Ночью, само собой, он не спал: стоило ехать в отпуск, чтобы спать! Как говорится, там отоспимся… И она тоже ворочалась, садилась на полке, долго, с мучительным любопытством смотрела на него — он физически чувствовал ее взгляд, всегда ощущал его, мог с закрытыми глазами сказать, в какой позе она сидит рядом. Никогда, ни с кем не бывало такой полноты понимания, а без нее все словно выключалось. Однажды, в самом начале, он на что-то обиделся и неделю с ней не разговаривал, запретил себе звонить, отвечать на звонки, думать… Все так о ней напоминало, что вычеркивать вместе с ней пришлось половину знаний, умений и привычек — это после полугода знакомства! Каково же ей теперь было без него, в каком узком мире она, должно быть, очутилась — ведь, запретив себе воспоминания, чтобы уж вовсе не рехнуться от боли, она обречена была лишиться всего прошлого, кроме школьного, всех мыслей, кроме простейших… Господи, спасибо за это жалкое послабление, за отпуска, да и то не навсегда, а пока кто-то тут помнит, — но это ведь, если вдуматься, дополнительная пытка. Нет, нет, с этой безжалостной волей я никогда не смирюсь — даже теперь, когда отлично знаю, что мы преувеличиваем Господне всемогущество, что многое зависит не только от него, что есть вещи — неизлечимые болезни, например, — которые посылаются совсем другими силами, и нет кого-то одного, кто отвечал бы за все. Иначе, конечно, этому одному нельзя было бы простить ни тех последних недель, когда он действительно мечтал об эвтаназии, ни тех первых дней, когда она осталась одна, а он продолжал все понимать и видеть.

Он лежал в темноте, закрыв глаза, никак не умея освоиться в неловком, тучном теле, внаглую захваченном в Москве на сутки, — и чувствовал, как худая светло-русая женщина рядом все крепче закусывает губу; такую вещь в темноте не разглядишь, но чувство, чувство куда денешь? Оно и в теле нелепого Трубникова не оставляло его. Дурацкая какая фамилия — Трубников. Впрочем, и Мальцев — тоже так себе.
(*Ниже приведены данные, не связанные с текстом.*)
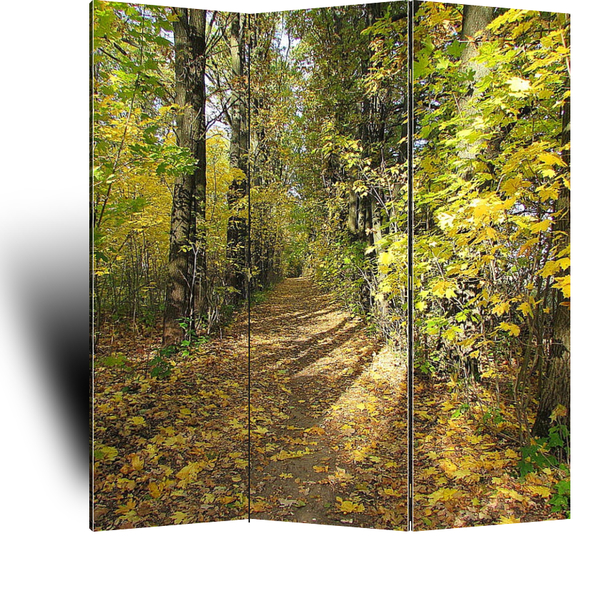 Описание ширмы Солнечный, уютный уголок осенней природы. Дорога, ведущая вдаль, дарит покой и умиротворение. Ковер из осенних листьев и солнечные блики на дороге придают особое очарование пейзажу. Чудесное фото, создающее чувство безмятежности и единения с природ

— Если вы что-то знаете и молчите, — сказала она вдруг еле слышным шепотом, — это такая вещь, которая хуже убийства. Понимаете? Я сразу, как вошла, поняла, что вы что-то знаете. И эти словечки, и вообще. Ничего общего, конечно, но ведь не обманешь. Я почти уверена. Вы наверняка, наверняка знаете. Я вас очень прошу. Я вас у-мо-ля-ю. — Он отлично знал эту детскую манеру скандировать по слогам. — Я никому не скажу. Но бывает же, да? Если вам нельзя, то вы можете хотя бы намек какой-то… хотя бы привет, да?

Привет он однажды передавал, было дело. Был отпуск у Серегина, несчастного, сутулого мужика, которого помнил сын. Сыну не было до Серегина никакого дела, он помнил его, так сказать, пассивно, безэмоционально. И так называемый Трубников тогда сказал: чего тебе парня смущать, ты лучше зайди, пожалуйста, на улицу Юннатов, дом такой-то, отнеси букет. Положи у двери в квартиру тридцать два. Серегин отнес, но любопытство пересилило — он позвонил в дверь, стал говорить какие-то глупости, что-то про благодарного анонимного клиента… Очень хотел посмотреть, из-за кого так называемый Трубников так убивается. Посмотрел — ничего особенного, ни кожи, ни рожи; а Верку потом три дня успокаивали, ревела безостановочно…

— Вера, — спокойно сказал Трубников, — чего вы не спите, а?

Он физически ощутил волну невыносимой тоски, наплывающей с соседней полки. Он только что зубами не скрипел. Сказать было нельзя ничего, ни слова — мало того, что отпуска бы лишили, вообще сделали бы такое, по сравнению с чем и последние его тутошние недели показались бы раем. Там есть такие изощренные способы, которые здесь и в голову не придут.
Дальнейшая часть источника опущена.